Dovendosi determinare il valore della causa, nella liquidazione dei compensi a carico del soccombente, a norma del codice di procedura civile, secondo quanto stabilito dal D.M. n. 55 del 2014, art. 5 (ratione temporis applicabile), occorre considerare che, per la determinazione del valore delle controversie di opposizione a sanzioni amministrative, occorre avere riguardo al massimo edittale della sanzione prevista per la violazione (nella specie, 5.000 Euro, ai sensi del D.Lgs. n. 209 del 2003, art. 13, comma 4), (arg. da Cass. Sez. 6-3, 31/07/2018, n. 20191; Cass. Sez. 2, 12/03/2012, n. 3878). Trovando applicazione, quindi, i compensi stabiliti per le cause di valore compreso tra Euro 1.100,01 ed Euro 5.200,00, la liquidazione effettuata dalla Corte d’appello di Bologna è del tutto conforme ai valori medi fissati nella tabella del D.M. n. 55 del 2014 (Fase di studio della controversia: Euro 510,00. Fase introduttiva del giudizio: Euro 510,00. Fase decisionale: Euro 810,009).

III. Consegue il rigetto del ricorso, regolandosi le spese del giudizio di cassazione secondo soccombenza in favore della contro ricorrente.

Deve poi ritenersi che il ricorso sia stato proposto con colpa grave, ovvero senza aver adoperato la normale diligenza per acquisire coscienza della sua integrale infondatezza. La ricorrente va perciò condannata altresì al pagamento di una somma, equitativamente determinata, in favore della controricorrente, ai sensi dell’art. 385 c.p.c., comma 4, applicabile a questo giudizio di legittimità giacchè avente ad oggetto ricorso avverso sentenza pubblicata dopo il 4 luglio 2009, data di entrata in vigore della L. n. 69 del 2009, art. 46, comma 20, che ne ha disposto l’abrogazione, ed essendo stato il primo grado instaurato anteriormente alla medesima data. Considerati il dispendio di tempo e di energie necessariamente impiegati per l’approntamento della difesa, nonchè la durata e l’oggetto del processo, tale somma può essere equitativamente liquidata in Euro 2.000,00, con interessi legali dalla sentenza al saldo.

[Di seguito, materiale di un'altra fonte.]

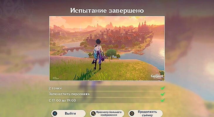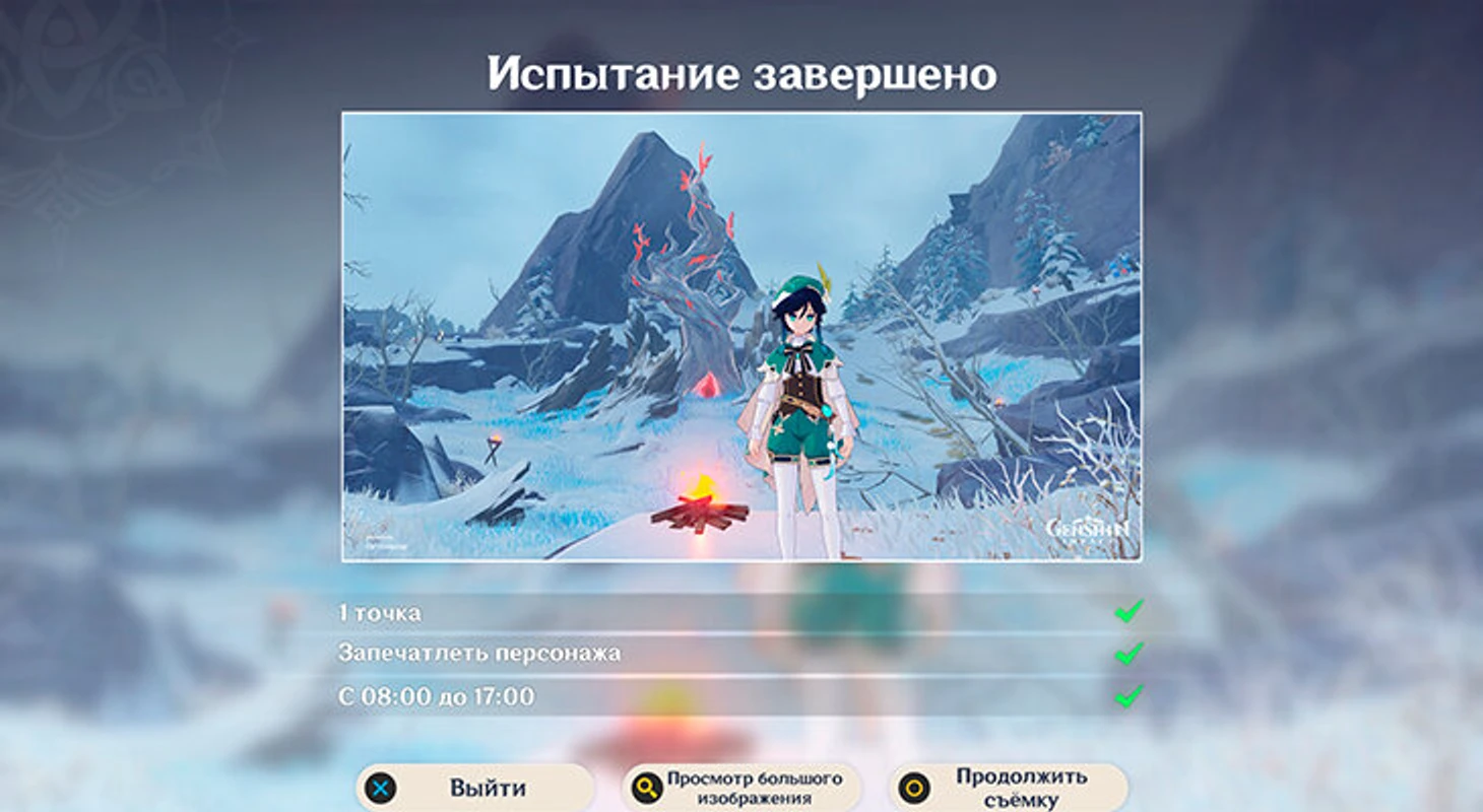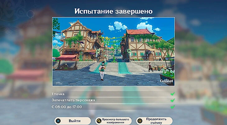 С этапом «Добро пожаловать в Мондштадт» справиться несложно – достаточно подойти к главным воротам города, перемотать время на промежуток с 8 утра до 5 часов дня, настроить камеру и сфотографироваться.

Sussistono i presupposti processuali per il versamento – ai sensi del D.P.R. 30 maggio 2002, n. 115, art. 13, comma 1-quater – da parte della ricorrente, di un ulteriore importo a titolo di contributo unificato pari a quello previsto per l’impugnazione, se dovuto

P.Q.M.

La Corte rigetta il ricorso e condanna la ricorrente a rimborsare alla controricorrente le spese sostenute nel giudizio di cassazione, che liquida in complessivi Euro 3.200,00, di cui Euro 200,00 per esborsi, oltre a spese generali e ad accessori di legge; condanna la ricorrente al pagamento in favore della controricorrente Provincia di Forlì-Cesena della ulteriore somma di Euro 2.000,00 ai sensi dell’art. 385 c.p.c., comma 4, oltre interessi legali dalla sentenza al saldo.

Ai sensi del D.P.R. n. 115 del 2002, art. 13, comma 1 quater, dà atto della sussistenza dei presupposti processuali per il versamento, da parte della ricorrente, di un ulteriore importo a titolo di contributo unificato pari a quello previsto per il ricorso principale, a norma dello stesso art. 13, comma 1-bis, se dovuto.

Così deciso in Roma, nella Camera di consiglio della Sezione Seconda Civile della Corte Suprema di Cassazione, il 8 novembre 2019.